Wenn wir das Wort "Ritual" verwenden, denken wir normalerweise an magische Riten oder Gottesdienste. Natürlich ist weder Anbetung noch Liebeszauber möglich, ohne bestimmte Handlungen auszuführen - Verschwörungen oder Gebete, bei denen kein einziges Wort geändert werden kann, streng konsistente Bewegungen und so weiter. Und nur wenige Menschen glauben, dass wir im Alltag nicht auf Rituale verzichten können.

Warum brauchen wir es nicht? Wenn Sie genauer hinschauen, stellt sich heraus, dass unser gesamtes tägliches Leben aus Ritualen besteht. Denken Sie daran: Ist Ihr Morgen, der mit Tee oder Kaffee aus Ihrer Lieblingsschale erwacht, kein Ritual? Das realste. Und die Rituale der Begrüßung und des Abschieds? Was ist ein Ritual, warum ist es so wertvoll, warum können wir ohne Ritual keinen Schritt machen?

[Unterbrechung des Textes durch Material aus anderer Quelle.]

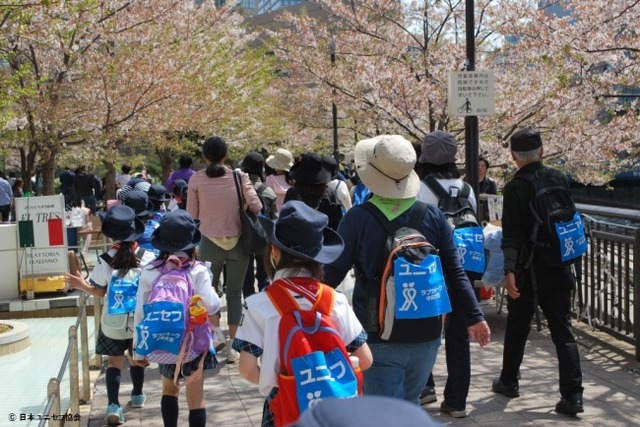 例年、赤ちゃんからお年寄りまで、数百人もの幅広い年齢層の方々に参加いただいているユニセフ・ラブウォーク。昨年は、529名の方々が、桜の花びらが舞う6キロと12キロのコースを踏破されました。今年は、8月に横浜でTICAD7(第7回アフリカ開発会議)が開催されることから、港区に多く集まるアフリカ各国大使館を巡るコースを設定。同会議主催者より、「TICADパートナー事業」としても認定いただきました。参加者のみなさまには、「世界保健デー」にちなんだ簡単なクイズラリーにも参加していただく予定です。

Keine Religion ist ohne Rituale vollständig. Irgendwo sind sie prächtiger, irgendwo - völlig asketisch, dennoch ist das Ritual in jedem Gottesdienst vorhanden. Die Frage ist: Warum brauchen wir ein kirchliches Ritual, wenn Gott in der Seele ist?

Überlebensinstinkt

Unabhängig von den Ritualen ist ihr Hauptziel immer dasselbe - Kommunikation: Kommunikation zwischen Mensch und Mensch, zwischen Menschen und Göttern. Das ist richtig - auch wenn sich jemand ein Ritual einfallen lässt und es streng alleine durchführt!

Zum Beispiel entscheidet sich ein Kind: "Wenn ich auf einem Bein zu dieser Bank fahre, stolpere ich nicht und niemand ruft mich an, dann wird niemand zu Hause nach dem Tagebuch fragen." Es fällt ihm nicht einmal ein, dass er ein mäßig komplexes Ritual einer Vereinbarung mit den Höheren Mächten erfunden, ihnen ein Opfer gebracht (auf einem Bein geritten) und auf ihren "Segen" gewartet hat (niemand rief ihn an).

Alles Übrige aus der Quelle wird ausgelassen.